In slab MPR, the slab can be gradually moved along the view axis in small increments by the user, so that the user sees a succession of images or frames projected from the volume data, where each frame relates to a projection through a slab occupying a location incrementally different from the previous slab. In use, a radiologist will “cine” or “scroll” the slab back and forth interactively. For example, in a CT scan of a human head, a radiologist might take several seconds to traverse the head from top to bottom or back to front, with the traverse involving several hundred frames. A typical technique for generating such image frames is casting a ray through the volume data set for each pixel in an image and sampling the volume data sets at a number of discrete points along each respective ray. If using MIP as the projection algorithm, for example, the maximum voxel value or interpolated value along the ray within the slab is then selected. The selected maximum sample or interpolated value within the slab is taken to be the pixel value associated with its respective ray.
FIGS. 2a and 2b show examples of derived image sequences obtained from different forms of multiplanar reformatting (MPR) which is a kind of slab rendering. FIG. 2a shows parallel MPR. FIG. 2b shows cross-curve MPR.
FIG. 2a shows a parallel MPR example where two positional coordinates and three orientation angles of the sectioning plane are fixed, and the plane is moved along its normal vector in a cine action by varying parameter t, for example with the scroll wheel of a mouse. Typically there are minimum and maximum values for parameter t based on the data set. Different choices of position and orientation give rise to different parallel MPR sequences.

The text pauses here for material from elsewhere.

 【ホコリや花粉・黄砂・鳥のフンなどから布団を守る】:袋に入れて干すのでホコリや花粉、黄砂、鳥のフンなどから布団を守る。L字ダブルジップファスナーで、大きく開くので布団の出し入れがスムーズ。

FIG. 2b shows a cross-curve MPR example where a curve is defined through the patient's body, usually corresponding with an anatomical structure such as a vessel. The plane is moved by varying parameter t so that a given point on the plane moves along the curve, and the other degrees of freedom are constrained so that the plane is perpendicular to the curve at the bound point. The boundary values for parameter t are limited to a particular length portion of the vessel, for example. Different curves result in different cross-curve MPR sequences.

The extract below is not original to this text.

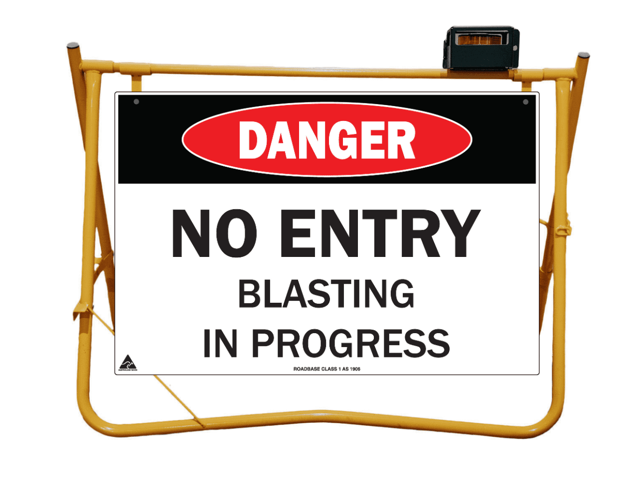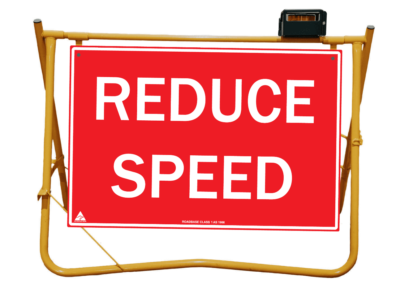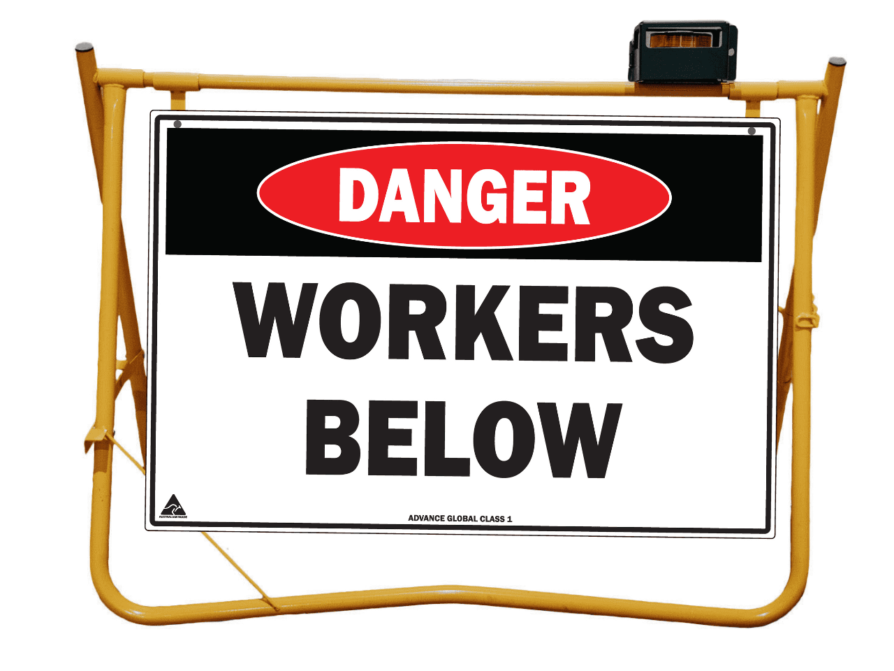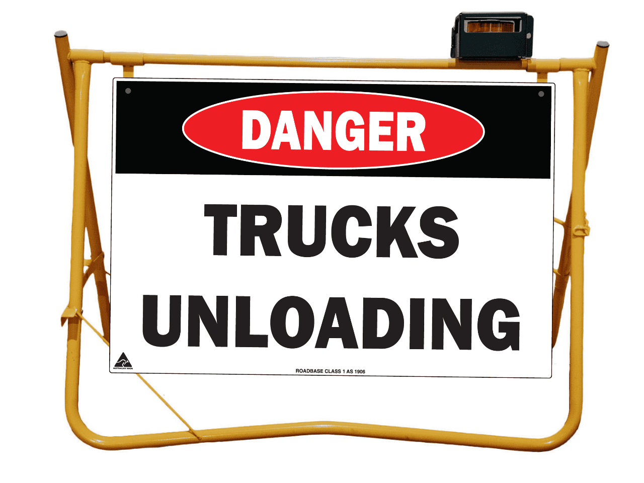 Yellow Swing Stand. Suited for displaying temporary signage such as roadworks, grass cutting, stock ahead, public events etc etc.

Other examples of slab rendered derived image sequences useful in medical imaging include radial MPR sequences formed by rotating the sectioning plane around an axis; and local MPR sequences where a point on the sectioning plane is bound to a curve and the plane is constrained to be tangential to the curve at the bound point. Slab rendering can be computationally costly, and in particular is more costly for thicker slabs. Namely, if the whole volume is made up of ‘n×n×n’ voxels and the slab thickness is ‘m’ voxels, then generation of a set of 2D images of the whole volume when the slab increment equals one voxel will have a runtime O that scales with O(m×n^3).